Das bedeutet: Selbst wenn beide Seiten guten Willens handeln und versuchen, einen Rechtsgrund zu schaffen, ist das Ergebnis steuerlich eindeutig – Schenkungsteuer entsteht, und zwar nach § 7 Abs. 1 Nr. 1 ErbStG.
3. Die zivilrechtliche Fallhöhe
Zivilrechtlich ist alles sauber: Der Vertrag ist wirksam (§§ 1363 ff. BGB), die Zuwendung erfolgt auf Grundlage einer notariellen Vereinbarung.
Aber steuerlich gilt der alte Satz: Forma dat esse rei – die Form gibt der Sache das Sein, doch nicht ihre steuerliche Qualität.
Wer also glaubt, durch einen geschickt formulierten Ehevertrag ließen sich steuerliche Vorteile erlangen oder Nachteile vermeiden, der irrt.
4. Folgen für die Praxis
Für Berater, Notare und Mandanten gilt:
Sparen Sie nicht das Geld am falschen Ende.
Ein Ehevertrag oder eine Abfindungsvereinbarung zwischen (zukünftigen) Ehegatten muss steuerlich mitgedacht und notariell präzise formuliert werden.
Andernfalls droht eine erhebliche Schenkungsteuer.
Praktisch bedeutet das:
- Abgesehen von Freibeträgen und Steuerbefreiungen unterliegen Vermögensübertragungen nur dann nicht der Schenkungsteuer, wenn sie auf bereits entstandene Ansprüche gezahlt werden.
- Der notarielle Vertrag muss daher den Anspruch zum Entstehen bringen; z.B. den Anspruch auf Zugewinnausgleich durch Beendigung der Zugewinngemeinschaft.
- Eine Abfindung für den Verzicht an sich ist und bleibt schenkungsteuerpflichtig.
5. Fazit
Der BFH zieht die Linie scharf:
Wo keine echte Gegenleistung, da Schenkung.
Der Verzicht auf künftige Rechte ist kein Entgelt, sondern bloßer Rechtsverzicht – und der hat im Steuerrecht keinen Geldwert.
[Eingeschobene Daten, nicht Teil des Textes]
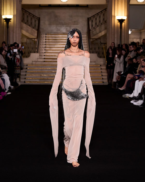 For the latest collection, PATIENT Z collaborates with the jewellery designer AESTHETIC BULLET to create Death of the Romantic – a deeply personal collection that explores the delicate tension between innocence and transformation – all through a lens that merges fashion, jewellery design and storytelling. Each look is crafted as an embodiment of a distinct character from a transformative journey, set within a world inspired by Slavic folklore. The collection follows ‘The Romantic’—a gentle, naive figure navigating an unfamiliar and often harsh landscape. As she encounters trials and challenges, her soft nature is tested, leading to an inevitable metamorphosis. This evolution is reflected in the designs, blending ethereal, delicate fabrics with structured silhouettes and handcrafted jewellery, bringing each character’s story to life. The pieces evoke a sense of nostalgia, weaving childhood memories into a timeless narrative of growth, resilience, and rebirth. Death of the Romantic captures the heartbreak of losing naive ideals while celebrating the strength and beauty that emerge from metamorphosis.

Wer also ehevertragliche Regelungen mit Vermögensübertragungen kombiniert, muss wissen: das Finanzamt liest mit.
Nach § 34 Abs. 1 Nr. 2 ErbStG sind u.a. Notare verpflichtet, den Finanzbehörden alle ihnen bekannt werdenden Vorgänge mitzuteilen, die für die Festsetzung einer Erbschaft- oder Schenkungsteuer von Bedeutung sein können. Damit sind alle Eheverträge, die eine vermögensrechtliche Zuwendung enthalten oder vorbereiten, mitzuteilen. Das sind also insbesondere:
- Zuwendungen zwischen Ehegatten (z. B. Grundstücksübertragung, Abfindung, Übernahme von Schulden etc.)
- Eheverträge mit Verzicht gegen Abfindung
- Güterstandsänderungen (z. B. Wechsel in die Gütertrennung oder Gütergemeinschaft mit Ausgleich)
- Sogenannte Güterstandsschaukeln
Daher gilt: Gestaltung mit System ist besser angelegtes Geld als Schenkungsteuer.